Generator of cocircuits of a matrix.

INPUT: - matrix – a matrix - prevent_multiples – a boolean (default: True) - reverse – a boolean (default: False)

OUTPUT: A generator of the cocircuits of this matrix. These are the nonzero support-minimal elements in the row space.

EXAMPLES:

sage: from elementary_vectors.functions import cocircuit_generator
sage: M = matrix([[1, 2, 0, 0], [0, 1, 2, 3]])
sage: M
[1 2 0 0]
[0 1 2 3]
sage: list(cocircuit_generator(M))
[(0, -1, -2, -3), (1, 0, -4, -6), (2, 4, 0, 0)]
sage: list(cocircuit_generator(M, reverse=True))
[(3, 6, 0, 0), (1, 0, -4, -6), (0, -1, -2, -3)]
elementary_vectors.functions.cocircuits(matrix: matrix, prevent_multiples: bool = True) List[vector]

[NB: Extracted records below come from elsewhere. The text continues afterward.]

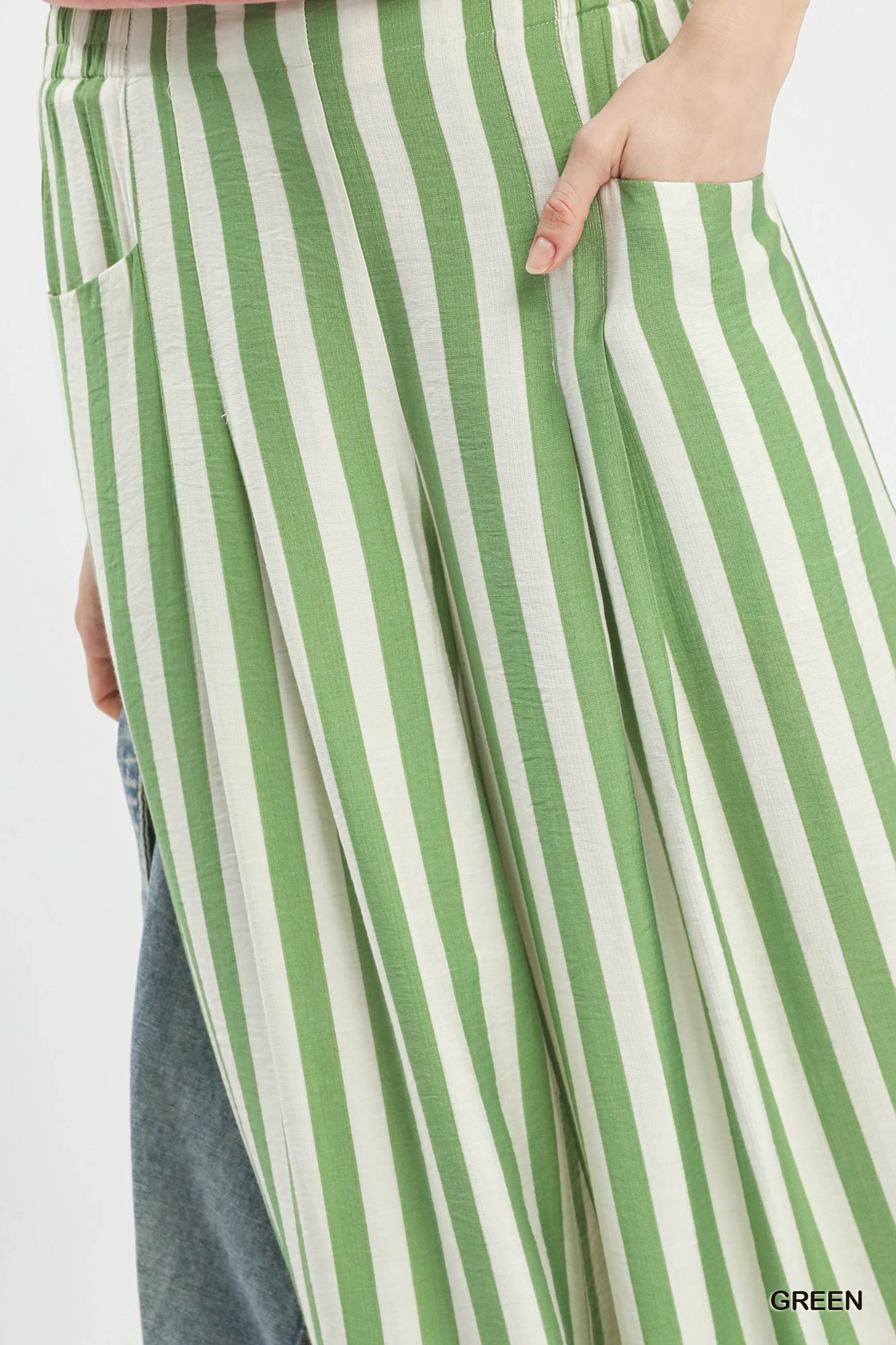 These Vertical Stripe Wide Leg Pants feature a trendy wide leg silhouette for a flowy and relaxed fit. The elastic waistband offers comfort and flexibility for all-day wear. Side pockets provide added functionality and convenience. The pleated detail adds a touch of sophistication to the design. Note that these pants are not lined, making them perfect for warmer weather and casual outings. Elevate your wardrobe with these stylish and versatile pants for a chic and effortless look.
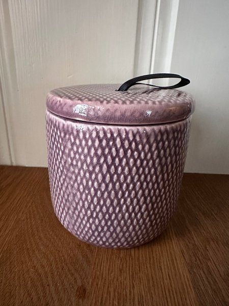 Lila burk i porslin med lock och ett svart band. Mått 11x11 cm. Fint skick, felfri. Lite blänk i bilden pga ljuset.
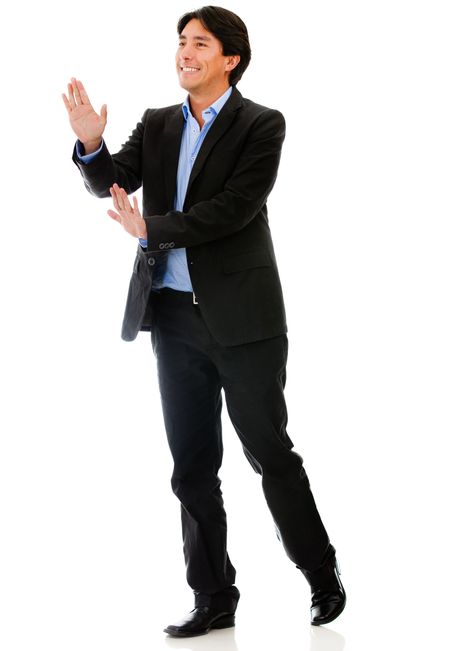 Businessman pushing with his hands - isolated over a white background
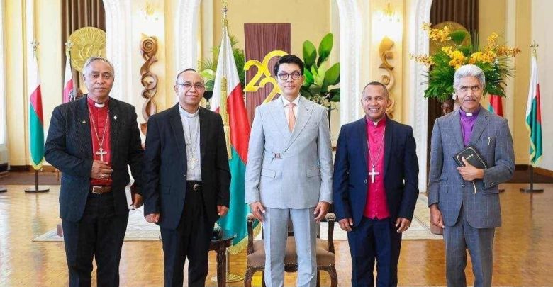 Tonga niarahaba sy nitondra ny teny firarian-tsoa ho an’ny filoha Andry Rajoelina sy ny ankohonany ireo Filoham-piangonana efatra mirahalahy ao amin’ny Fivondronan’ny fiangonana kristianina eto Madagasikara (FFKM), omaly maraina. Noraisin’ny Filoha tao Iavoloha izy efatra mirahalahy. Ny Mgr Raoelison Jean De Dieu, Arsevekan’Antananarivo, izay vao nandray ny toerana maha filohan’ny FFKM azy ny alahady teo, no nitondra ny teny fampidirana. Nitondra ny tenin’Andriamanitra sy nanao ny vavaka ho fangataham-pitahiana ho an’ny Filoha sy ny ankohonany ary ho an’ny firenena kosa, ny Pasitora Irako Andriamahazosoa Ammi, filohan’ny FJKM. Tonga teny Iavoloha avokoa ireo Filoham-piangonana efatra eo anivon’ny FFKM. Raha misy ireo milaza fa tsy mifanaraka ny fiangonana eo anivon’ny FFKM sy ny Fitondram-panjakana dia mandiso izany ny fahatongavan’ireto Filoham-piangonana ireto teny Iavoloha niarahaba ny Filoha Rajoelina. Maneho koa izao fihetsika izao fa marim-pototra ny fiaraha-miasa eo amin’ny Fanjakana sy ny fiangonana, ary miombom-po ho an’ny fikatsahana izay hahasoa ny vahoaka, sy ny fampandrosoana ny firenena izy ireo. Fihetsika iray izay mavesa-danja, maneho izany firahalahiana eo amin’ny fiangonana sy ny fitondrana izany ny fitrotroana am-bavaka ny Filoha Rajoelina sy ny ankohonany ary ny firenena, izay nataon’ny Pasitora Irako Andriamahazosoa.
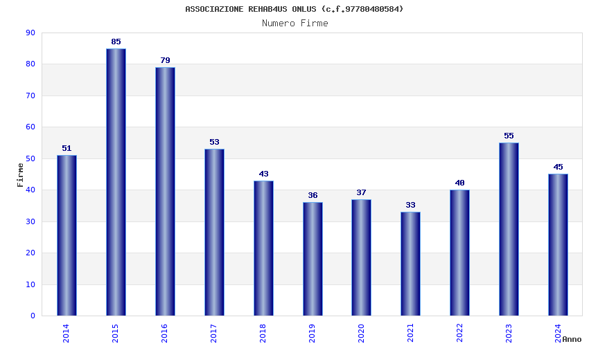 | Anno | Firme | Importi | Media | Naz. | Reg. | Prov. | Comu. |
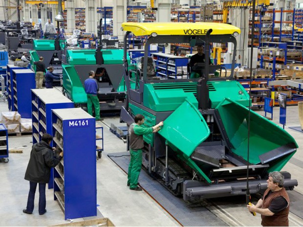 Au terme d'un an et demi de travaux, les machines du spécialiste des finisseurs routiers, Vögele, sont désormais produites dans la nouvelle usine de Ludwigshafen en Allemagne.
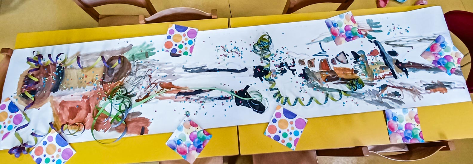 So haben die Kinder der Nilpferdgruppe aus Tonpapier bunte Clowns gebastelt. Die Leopardenkinder haben bunte Hüte und Luftballons gestaltet. In der Pinguingruppe wurde von den Kindern eine schöne bunte Tischdecke zum gemeinsamen Faschingsfrühstück hergestellt.
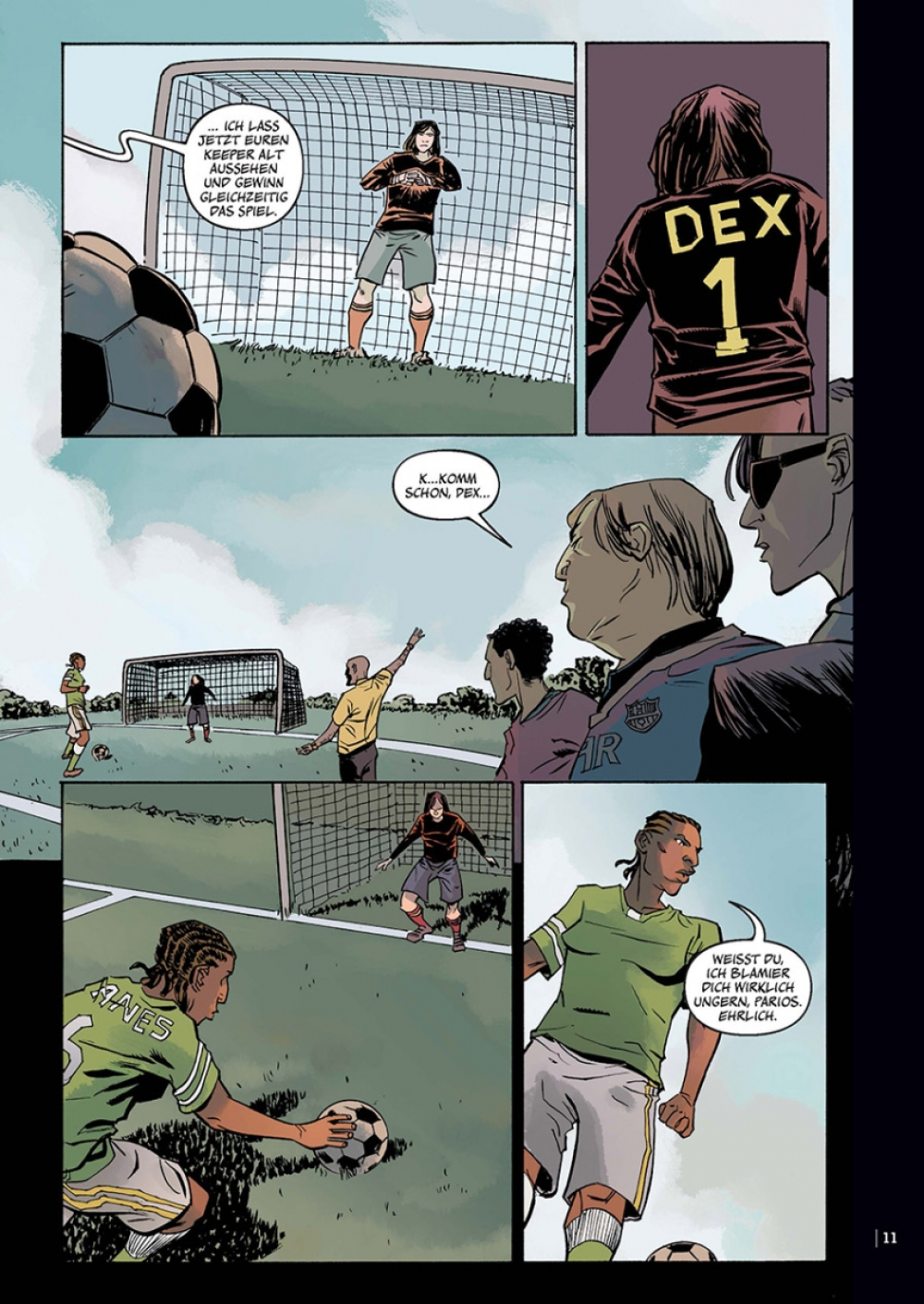 Neben ihrer Arbeit als Privatdetektiv und ihrem Bruder Ansel gibt es nur noch eine große Liebe in Dex Parios Leben: Fußball! Um genauer zu sein ihren Heimatverein, die »Portland Timbers«. Tickets für eine Autogrammstunde mit einem Starspieler runden ihren Stadiontag eigentlich ab, aber nach dem Spiel findet Dex einen ihrer ältesten Freunde – ebenfalls ein Timbers-Fan – aufs übelste zusammengeschlagen im Grünstreifen liegen. Hooligans? Dex ist wild entschlossen, der Sache auf den Grund zu gehen, selbst wenn sie dafür nicht nur Fußbällen Tritte verpassen muss!
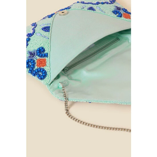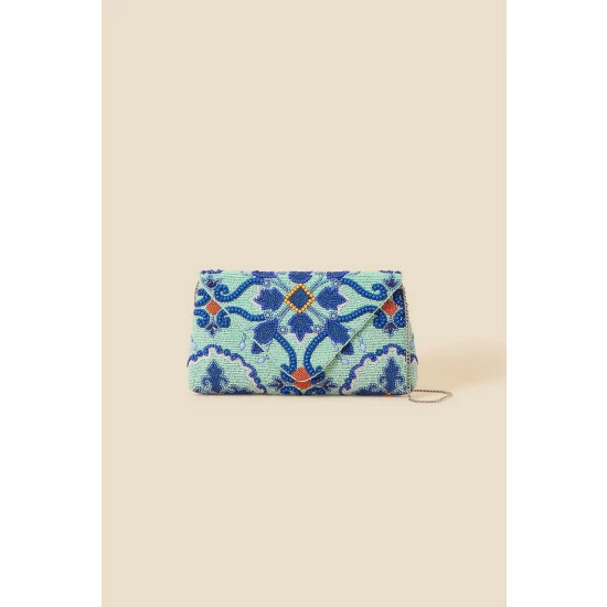 Inspired by organic Mediterranean tiles, this bag will leave you reminiscing of sunny holidays dining along the coast. Made for evenings, it features hand-embellishments throughout the envelope profile, with a chain strap you can style over the shoulder for hands-free moments. Fastens with a magnetic press-stud.

Compute the cocircuits of a matrix.

INPUT: - matrix – a matrix - prevent_multiples – a boolean (default: True)

OUTPUT: Return the cocircuits of this matrix. These are the nonzero support-minimal elements in the row space.

See also

EXAMPLES:

sage: from elementary_vectors import *
sage: M = matrix([[1, 2, 0, 0], [0, 1, 2, 3]])
sage: M
[1 2 0 0]
[0 1 2 3]
sage: cocircuits(M)
[(0, -1, -2, -3), (1, 0, -4, -6), (2, 4, 0, 0)]
sage: cocircuits(M, prevent_multiples=False)
[(0, -1, -2, -3), (1, 0, -4, -6), (2, 4, 0, 0), (3, 6, 0, 0)]
elementary_vectors.functions.degenerate_circuits(matrix: matrix) list[vector]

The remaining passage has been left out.